ACTION ITEM: An exact copy of every entry is what's needed, so please transcribe them all.

[Data records]
Segment Open

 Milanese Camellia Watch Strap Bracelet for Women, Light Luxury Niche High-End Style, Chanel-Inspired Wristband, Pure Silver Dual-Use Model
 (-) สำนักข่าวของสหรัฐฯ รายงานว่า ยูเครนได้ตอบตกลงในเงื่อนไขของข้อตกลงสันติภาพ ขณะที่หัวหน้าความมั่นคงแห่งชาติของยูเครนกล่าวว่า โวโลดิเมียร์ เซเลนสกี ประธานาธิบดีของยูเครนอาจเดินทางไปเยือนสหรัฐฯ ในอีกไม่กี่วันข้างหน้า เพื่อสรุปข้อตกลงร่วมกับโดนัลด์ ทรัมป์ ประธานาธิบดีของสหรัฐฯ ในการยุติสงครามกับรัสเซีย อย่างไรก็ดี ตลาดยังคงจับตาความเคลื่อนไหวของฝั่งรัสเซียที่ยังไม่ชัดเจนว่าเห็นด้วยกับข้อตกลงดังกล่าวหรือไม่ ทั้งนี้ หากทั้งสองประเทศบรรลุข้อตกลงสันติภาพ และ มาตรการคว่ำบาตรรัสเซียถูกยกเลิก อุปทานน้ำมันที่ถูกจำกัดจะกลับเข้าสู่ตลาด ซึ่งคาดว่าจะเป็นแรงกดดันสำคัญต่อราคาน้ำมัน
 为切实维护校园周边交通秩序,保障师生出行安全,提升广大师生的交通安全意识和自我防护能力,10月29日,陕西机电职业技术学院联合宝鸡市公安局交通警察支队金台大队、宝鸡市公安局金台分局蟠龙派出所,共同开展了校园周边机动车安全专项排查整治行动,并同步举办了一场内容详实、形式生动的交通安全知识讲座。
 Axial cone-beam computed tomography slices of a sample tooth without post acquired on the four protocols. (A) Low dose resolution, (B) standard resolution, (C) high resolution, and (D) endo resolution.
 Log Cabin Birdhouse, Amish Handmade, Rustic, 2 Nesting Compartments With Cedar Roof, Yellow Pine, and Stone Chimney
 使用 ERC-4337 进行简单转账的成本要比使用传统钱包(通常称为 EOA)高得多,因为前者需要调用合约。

Segment Closed

YOUR SOLUTION:
 Milanese Camellia Watch Strap Bracelet for Women, Light Luxury Niche High-End Style, Chanel-Inspired Wristband, Pure Silver Dual-Use Model
 (-) สำนักข่าวของสหรัฐฯ รายงานว่า ยูเครนได้ตอบตกลงในเงื่อนไขของข้อตกลงสันติภาพ ขณะที่หัวหน้าความมั่นคงแห่งชาติของยูเครนกล่าวว่า โวโลดิเมียร์ เซเลนสกี ประธานาธิบดีของยูเครนอาจเดินทางไปเยือนสหรัฐฯ ในอีกไม่กี่วันข้างหน้า เพื่อสรุปข้อตกลงร่วมกับโดนัลด์ ทรัมป์ ประธานาธิบดีของสหรัฐฯ ในการยุติสงครามกับรัสเซีย อย่างไรก็ดี ตลาดยังคงจับตาความเคลื่อนไหวของฝั่งรัสเซียที่ยังไม่ชัดเจนว่าเห็นด้วยกับข้อตกลงดังกล่าวหรือไม่ ทั้งนี้ หากทั้งสองประเทศบรรลุข้อตกลงสันติภาพ และ มาตรการคว่ำบาตรรัสเซียถูกยกเลิก อุปทานน้ำมันที่ถูกจำกัดจะกลับเข้าสู่ตลาด ซึ่งคาดว่าจะเป็นแรงกดดันสำคัญต่อราคาน้ำมัน
 为切实维护校园周边交通秩序,保障师生出行安全,提升广大师生的交通安全意识和自我防护能力,10月29日,陕西机电职业技术学院联合宝鸡市公安局交通警察支队金台大队、宝鸡市公安局金台分局蟠龙派出所,共同开展了校园周边机动车安全专项排查整治行动,并同步举办了一场内容详实、形式生动的交通安全知识讲座。
 Axial cone-beam computed tomography slices of a sample tooth without post acquired on the four protocols. (A) Low dose resolution, (B) standard resolution, (C) high resolution, and (D) endo resolution.
 Log Cabin Birdhouse, Amish Handmade, Rustic, 2 Nesting Compartments With Cedar Roof, Yellow Pine, and Stone Chimney
 使用 ERC-4337 进行简单转账的成本要比使用传统钱包(通常称为 EOA)高得多,因为前者需要调用合约。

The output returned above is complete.